Thursday, November 29, 2012

First Christmas Joke of 2012



Here's the first Christmas Joke of 2012

Christmas Trees

A family is at the dinner table. The son asks his father, 'Dad, how many
kinds of boobs are there?'
The father, surprised, answers, 'Well, son, there are three kinds of boobs:
In her 20's, a woman's are like melons, round and firm.
In her 30's to 40's, they are like pears, still nice but hanging a bit.
After 50, they are like onions'.
'Onions?'
'Yes, you see them and they make you cry.'

This infuriated his wife and daughter so the daughter said, 'Mum, how many
kinds of 'willies' are there?'
The mother, surprised, smiles and answers, 'Well dear, a man goes through
three phases. In his 20's, his willy is like an oak tree, mighty and hard..
In his 30's and 40's, it is like a birch, flexible but reliable.
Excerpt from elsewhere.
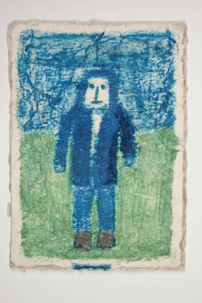 “Castle would take materials, typically food packaging, and get it damp then rough up the waxy surface. A lot of times he would use ice cream cartons as his chosen substrate. The family really loved vanilla ice cream, as that is often what’s on the other side of his work,” laughed Dunstan. “Castle would then take a variety of highly pigmented papers, sometimes crayons, sometimes colored pencils, sometimes unusual household products like laundry bluing, and use that actually press that color into the paper. They have this really soft, dreamy quality to them.”

After his
50's, it is like a Christmas Tree.'
'A Christmas tree?'

'Yes - the tree is dead and the balls are just for decoration.'

Thursday, November 15, 2012

Senior Wedding


Jacob, age 92, and Mary, age 89, living in Fort Myers, are all
excited about their decision to get married. They go for a stroll to discuss the wedding, and on the way they pass a drugstore.
Jacob suggests they go in.
Jacob addresses the man behind the counter:
"Are you the owner?" The pharmacist answers,
"Yes." Jacob: "We're about to get married. Do
you sell heart medication?"
Pharmacist: "Of course we do."
Jacob: "How about medicine for circulation?"
Pharmacist: "All kinds."
Jacob: "Medicine for rheumatism?"
Pharmacist: "Definitely."
Jacob: "How about suppositories and medicine
for impotence?"
Pharmacist "You bet!"
Jacob: "Medicine for memory problems, arthritis and
Alzheimer's?"
Pharmacist: "Yes, a large variety. The works."
Jacob: "What about vitamins, sleeping pills,
Geritol, antidotes for Parkinson's disease?"
Pharmacist: "Absolutely."
Jacob: "Everything for heartburn and indigestion?"
Pharmacist: "We sure do."
Jacob: "You sell wheel chairs and walkers and canes?"
Pharmacist: "All speeds and sizes."
Jacob: "Adult diapers?"
Pharmacist: "Sure."
 
Jacob: "We'd like to use this store as our bridal registry.